Problem to work on: Print out each entry without alteration, and keep the pictures out.

Available data:
==*==

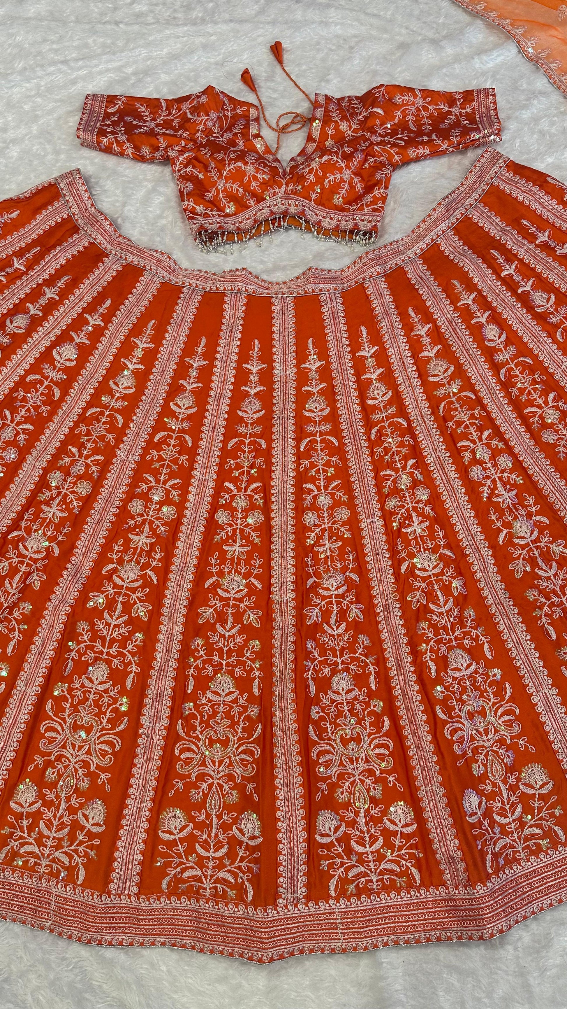 LEHENGA : Mulmul silk lehenga with rainbow sequins & resham thread work.
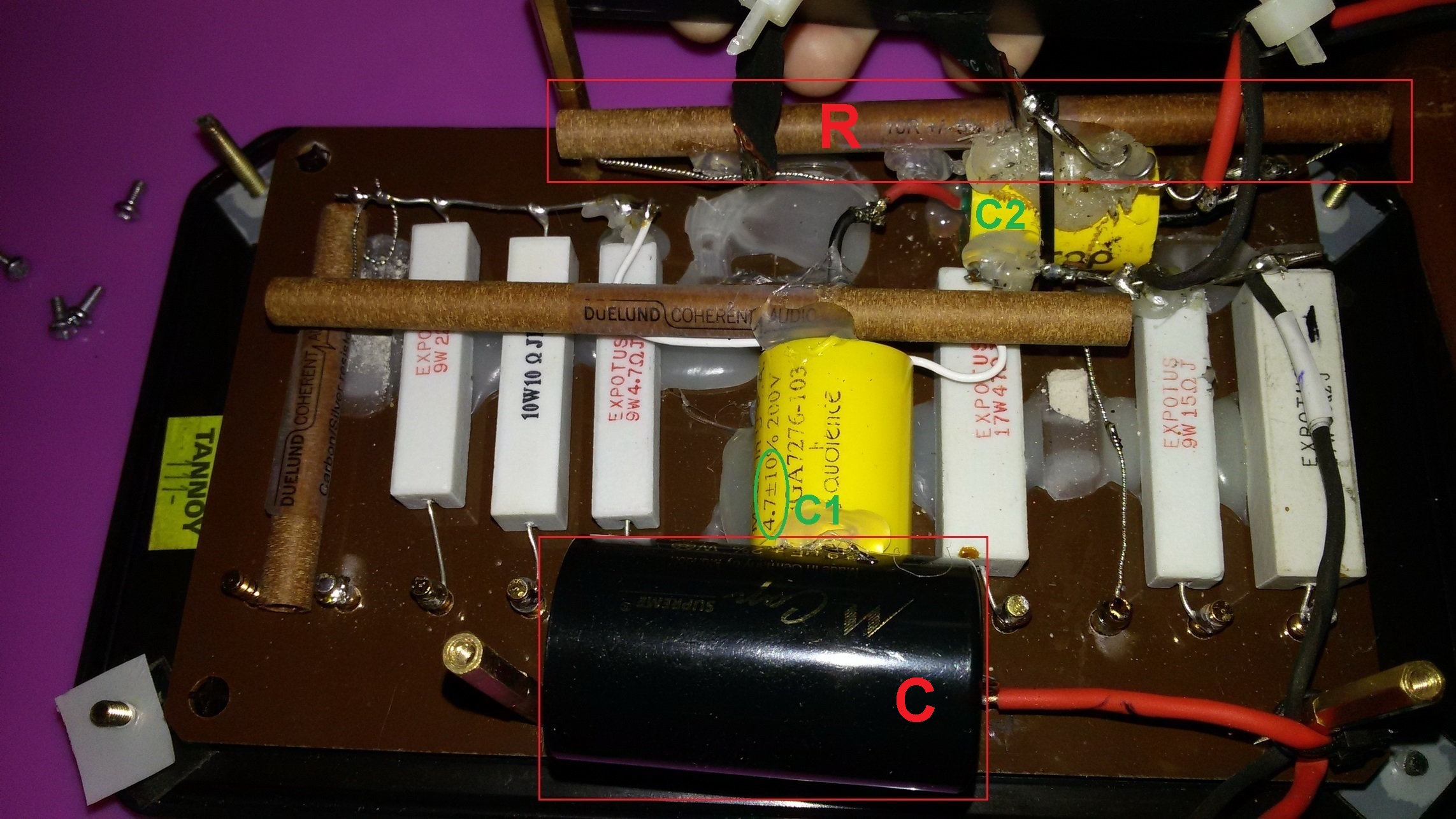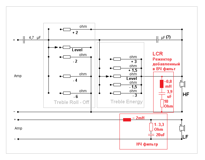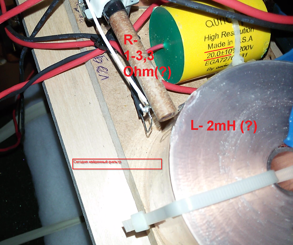 К сожалению, схемы (точной) от Edinburgh HE, у меня так и нет. Дело в том, что человеку их продали, с переделанными кроссоверами. И узнал он об этом, только недавно. Как видите, там полный бардак. Пара резисторов в фильтре ВЧ, просто вырвана "с мясом". А теперешний хозяин АС, в этом не силён. Кстати, судя по конденсатору С1 - 4,7uF в НЕ, против 3,9uF в TW, ВЧ фильтры всё же отличаются. А номинала С2 и вовсе не видно. Возможно он 3,9uF, а возможно 3,3uF, или меньше (видимо таким образом, в связи с изменение НЧ фильтра, меняли наклон АЧХ ВЧ. Да и номиналы резисторов (с той же целью)иные. Единственное что я могу предположить, так это - введение LCR режектора в ВЧ фильтр и замена катушки на "крутую" ленточную, с добавлением резистора (видать фирменного провала СЧ, показалось мало) в НЧ фильтр. И то и другое, как на фотографиях, так и на схеме выделил красным. Вот что за манера копать, готовое изделие. Хочешь что то сделать, так и делай отдельно свой кроссовер, от начала и до конца. Отключи оригинальный и подключи свой. Нет же, воткнул туда, эти долбанные дуелюнды. Ну не ахти звучал оригинальный кросс, но хотя бы аккуратно выглядел. А так и вид изгадил и звука не получил. Мало было фирменной тухлости звука, так он ещё режектор на ВЧ и фильтр с повышенным реактансом (резистор) на НЧ сделал. Видать всё по учебнику и наверняка измерял даже что то, но вряд ли то что надо. А в конце, убедившись на собственной шкуре, что не зная нюансов и тупо следуя поваренной книге, съедобного блюда не приготовить - продал всё это. Причём, с обманом!
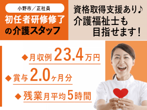 ≪小野市/初任者研修修了/正社員≫★月収例25.5万円♪残業月平均5時間♪賞与2.0ヶ月分◎マイカー通勤相談OK♪資格取得支援あり★介護付有料老人ホームでのお仕事です☆
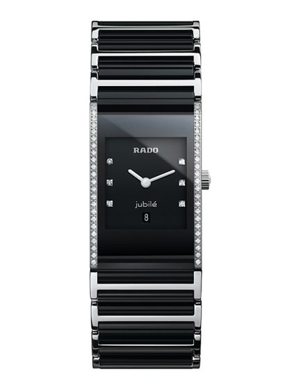 Bracciale misto acciaio e ceramica nera vetro zaffiro quadrante con 6 diamanti incastonati agli indici tot 0.025 ct 46 diamanti incastonati fasce laterali cassa tot ct 0,165
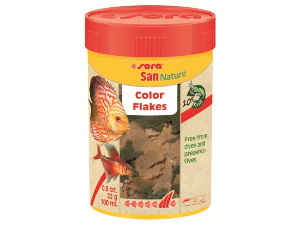 Sera – San NATURE 100 mlZbarvení je dosaženo výhradně přírodními složkami jako řasou Haematococcus bohatou na staxantin a kril. Současně je u okrasných ryb umocněna přijatelnost, živost a připravenost se rozmnožovat. Vločky drží tvar, jsou vhodné pro všechny okrasné ryby, které hledají potravu na hladině, a nekalí vodu.
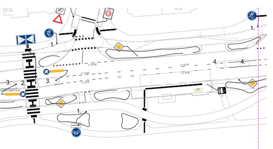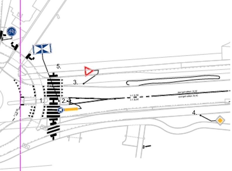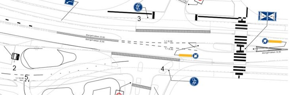 Verwijderen markeringen voetgangersoversteekplaats (zebrapad) geplaatst op de locaties onder de markeringen 5. op de volgende afbeelding (markering niet op tekening).
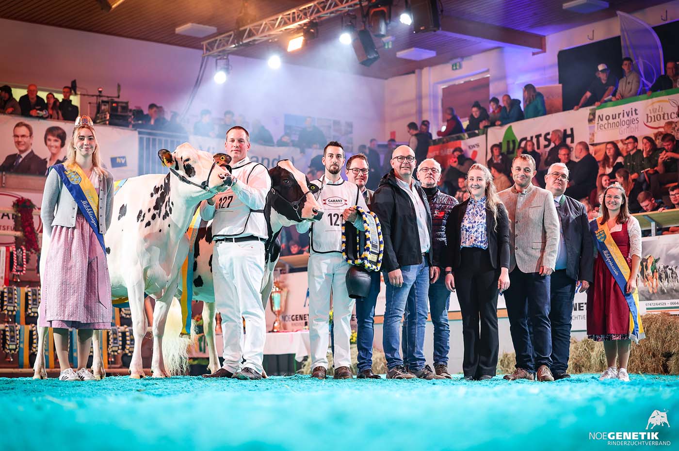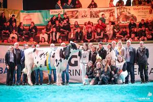 Bei spannender Musik, vollen Rängen und dunklem Licht zogen die sechs erst- und zweitplatzierten Kühe in den Ring ein und nahmen in der Ringmitte Aufstellung. Unter tobendem Applaus kürte Karoline Strauß das Siegerduo der zweiten Gruppe zum Champion und Reserve Champion der jungen Holstein Kühe. Das W4 Präfix von Thomas und Viktoria Ruthner aus Irnfritz-Messern, sicherte sich somit Titel als auch den Reservetitel Holstein jung.
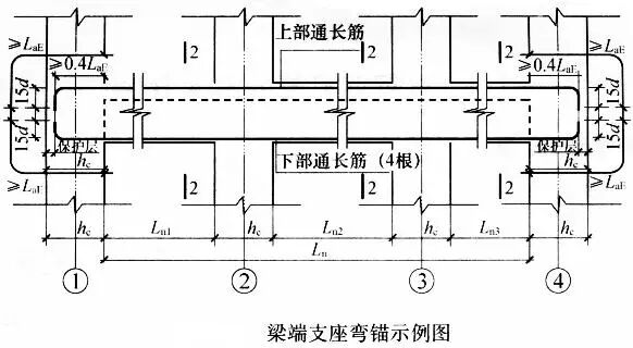 B.当梁支座不能满足直锚时,纵筋应弯锚,满足下图条件。
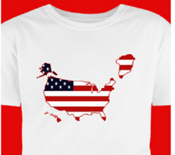 Очертания Гренландии и Соединенных Штатов, раскрашенные в цвета государственного флага со звездами последних, появились на футболках. Такой маркетинговый ход использовал Национальный комитет Республиканской партии.
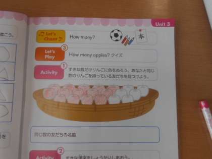 How many? 公開日 2023/09/20 更新日 2023/09/20 3年 3年1組では外国語活動で「How many?」について取り組んでいます。次の絵にあるリンゴをいくつか着色します。そして、「How many apples?」と相手が持っているリンゴの数を尋ねます。まず前で先生らが見本を見せました。うまく受け答えできるようにがんばってほしいです。 いいね(0)
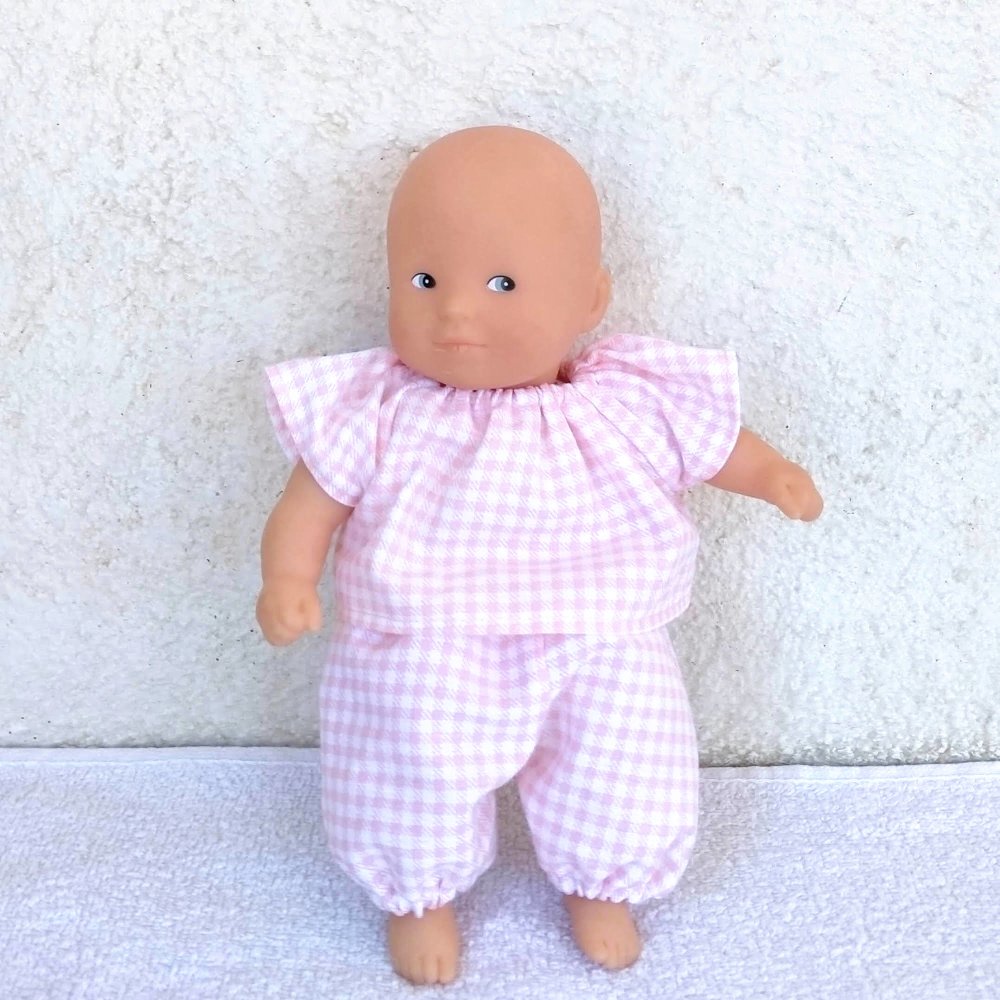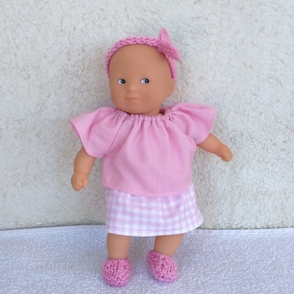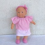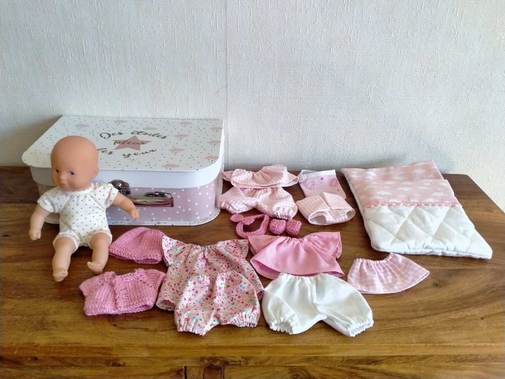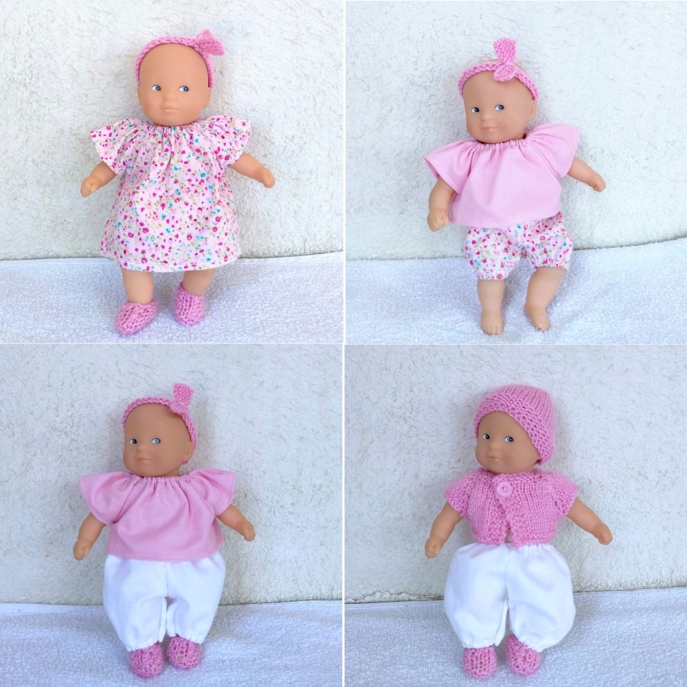 - un poupon Corolle de 20 cm (mini Calin) au corps souple. Poupon d'occasion en très bon état, sans étiquette. Ce poupon n'a servi qu'aux essayages et aux photos.
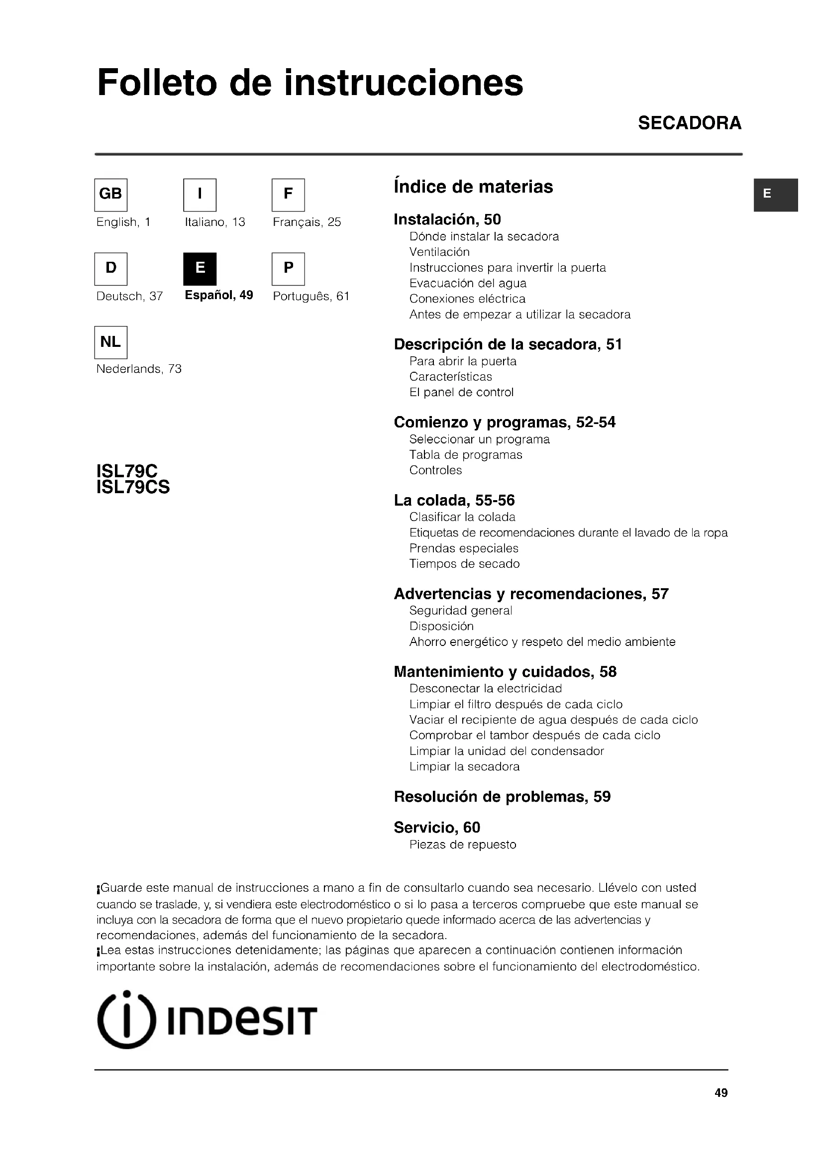 Für Vergleichstests gemäß EN61121 empfohlene Programme ! Hinweis: Hierbei handelt es sich nicht um eine vollständige Liste aller Programmoptionen (siehe Start und Programme). Programm Auszuwählendes Programm Ladung (EN61121) Baumwolle trocken 2 Baumwolle - Kleiderbügel trocken 7 kg Baumwolle bügeltrocken 3 Baumwolle - Bügeltrocken 7 kg Pflegeleichtes Gewebe 4 Synthetik - Schranktrocken 3 kg Diese Maschine erfüllt folgende EG-Direktiven: -2006/95/EG (Niederspannungsausrüstung) -89/336/EG, 92/31/EG und 93/68/EG (Elektromagnetische Störfreiheit) 48Índice de materias SECADORA ISL79C ISL79CS Folleto de instrucciones Instalación, 50 Dónde instalar la secadora Ventilación Instrucciones para invertir la puerta Evacuación del agua Conexiones eléctrica Antes de empezar a utilizar la secadora Descripción de la secadora, 51 Para abrir la puerta Características El panel de control Comienzo y programas, 52-54 Seleccionar un programa Tabla de programas Controles La colada, 55-56 Clasificar la colada Etiquetas de recomendaciones durante el lavado de la ropa Prendas especiales Tiempos de secado Advertencias y recomendaciones, 57 Seguridad general Disposición Ahorro energético y respeto del medio ambiente Mantenimiento y cuidados, 58 Desconectar la electricidad Limpiar el filtro después de cada ciclo Vaciar el recipiente de agua después de cada ciclo Comprobar el tambor después de cada ciclo Limpiar la unidad del condensador Limpiar la secadora Resolución de problemas, 59 Servicio, 60 Piezas de repuesto

==*==

Result of this exercise:
 LEHENGA : Mulmul silk lehenga with rainbow sequins & resham thread work.
 К сожалению, схемы (точной) от Edinburgh HE, у меня так и нет. Дело в том, что человеку их продали, с переделанными кроссоверами. И узнал он об этом, только недавно. Как видите, там полный бардак. Пара резисторов в фильтре ВЧ, просто вырвана "с мясом". А теперешний хозяин АС, в этом не силён. Кстати, судя по конденсатору С1 - 4,7uF в НЕ, против 3,9uF в TW, ВЧ фильтры всё же отличаются. А номинала С2 и вовсе не видно. Возможно он 3,9uF, а возможно 3,3uF, или меньше (видимо таким образом, в связи с изменение НЧ фильтра, меняли наклон АЧХ ВЧ. Да и номиналы резисторов (с той же целью)иные. Единственное что я могу предположить, так это - введение LCR режектора в ВЧ фильтр и замена катушки на "крутую" ленточную, с добавлением резистора (видать фирменного провала СЧ, показалось мало) в НЧ фильтр. И то и другое, как на фотографиях, так и на схеме выделил красным. Вот что за манера копать, готовое изделие. Хочешь что то сделать, так и делай отдельно свой кроссовер, от начала и до конца. Отключи оригинальный и подключи свой. Нет же, воткнул туда, эти долбанные дуелюнды. Ну не ахти звучал оригинальный кросс, но хотя бы аккуратно выглядел. А так и вид изгадил и звука не получил. Мало было фирменной тухлости звука, так он ещё режектор на ВЧ и фильтр с повышенным реактансом (резистор) на НЧ сделал. Видать всё по учебнику и наверняка измерял даже что то, но вряд ли то что надо. А в конце, убедившись на собственной шкуре, что не зная нюансов и тупо следуя поваренной книге, съедобного блюда не приготовить - продал всё это. Причём, с обманом!
 ≪小野市/初任者研修修了/正社員≫★月収例25.5万円♪残業月平均5時間♪賞与2.0ヶ月分◎マイカー通勤相談OK♪資格取得支援あり★介護付有料老人ホームでのお仕事です☆
 Bracciale misto acciaio e ceramica nera vetro zaffiro quadrante con 6 diamanti incastonati agli indici tot 0.025 ct 46 diamanti incastonati fasce laterali cassa tot ct 0,165
 Sera – San NATURE 100 mlZbarvení je dosaženo výhradně přírodními složkami jako řasou Haematococcus bohatou na staxantin a kril. Současně je u okrasných ryb umocněna přijatelnost, živost a připravenost se rozmnožovat. Vločky drží tvar, jsou vhodné pro všechny okrasné ryby, které hledají potravu na hladině, a nekalí vodu.
 Verwijderen markeringen voetgangersoversteekplaats (zebrapad) geplaatst op de locaties onder de markeringen 5. op de volgende afbeelding (markering niet op tekening).
 Bei spannender Musik, vollen Rängen und dunklem Licht zogen die sechs erst- und zweitplatzierten Kühe in den Ring ein und nahmen in der Ringmitte Aufstellung. Unter tobendem Applaus kürte Karoline Strauß das Siegerduo der zweiten Gruppe zum Champion und Reserve Champion der jungen Holstein Kühe. Das W4 Präfix von Thomas und Viktoria Ruthner aus Irnfritz-Messern, sicherte sich somit Titel als auch den Reservetitel Holstein jung.
 B.当梁支座不能满足直锚时,纵筋应弯锚,满足下图条件。
 Очертания Гренландии и Соединенных Штатов, раскрашенные в цвета государственного флага со звездами последних, появились на футболках. Такой маркетинговый ход использовал Национальный комитет Республиканской партии.
 How many? 公開日 2023/09/20 更新日 2023/09/20 3年 3年1組では外国語活動で「How many?」について取り組んでいます。次の絵にあるリンゴをいくつか着色します。そして、「How many apples?」と相手が持っているリンゴの数を尋ねます。まず前で先生らが見本を見せました。うまく受け答えできるようにがんばってほしいです。 いいね(0)
 - un poupon Corolle de 20 cm (mini Calin) au corps souple. Poupon d'occasion en très bon état, sans étiquette. Ce poupon n'a servi qu'aux essayages et aux photos.
 Für Vergleichstests gemäß EN61121 empfohlene Programme ! Hinweis: Hierbei handelt es sich nicht um eine vollständige Liste aller Programmoptionen (siehe Start und Programme). Programm Auszuwählendes Programm Ladung (EN61121) Baumwolle trocken 2 Baumwolle - Kleiderbügel trocken 7 kg Baumwolle bügeltrocken 3 Baumwolle - Bügeltrocken 7 kg Pflegeleichtes Gewebe 4 Synthetik - Schranktrocken 3 kg Diese Maschine erfüllt folgende EG-Direktiven: -2006/95/EG (Niederspannungsausrüstung) -89/336/EG, 92/31/EG und 93/68/EG (Elektromagnetische Störfreiheit) 48Índice de materias SECADORA ISL79C ISL79CS Folleto de instrucciones Instalación, 50 Dónde instalar la secadora Ventilación Instrucciones para invertir la puerta Evacuación del agua Conexiones eléctrica Antes de empezar a utilizar la secadora Descripción de la secadora, 51 Para abrir la puerta Características El panel de control Comienzo y programas, 52-54 Seleccionar un programa Tabla de programas Controles La colada, 55-56 Clasificar la colada Etiquetas de recomendaciones durante el lavado de la ropa Prendas especiales Tiempos de secado Advertencias y recomendaciones, 57 Seguridad general Disposición Ahorro energético y respeto del medio ambiente Mantenimiento y cuidados, 58 Desconectar la electricidad Limpiar el filtro después de cada ciclo Vaciar el recipiente de agua después de cada ciclo Comprobar el tambor después de cada ciclo Limpiar la unidad del condensador Limpiar la secadora Resolución de problemas, 59 Servicio, 60 Piezas de repuesto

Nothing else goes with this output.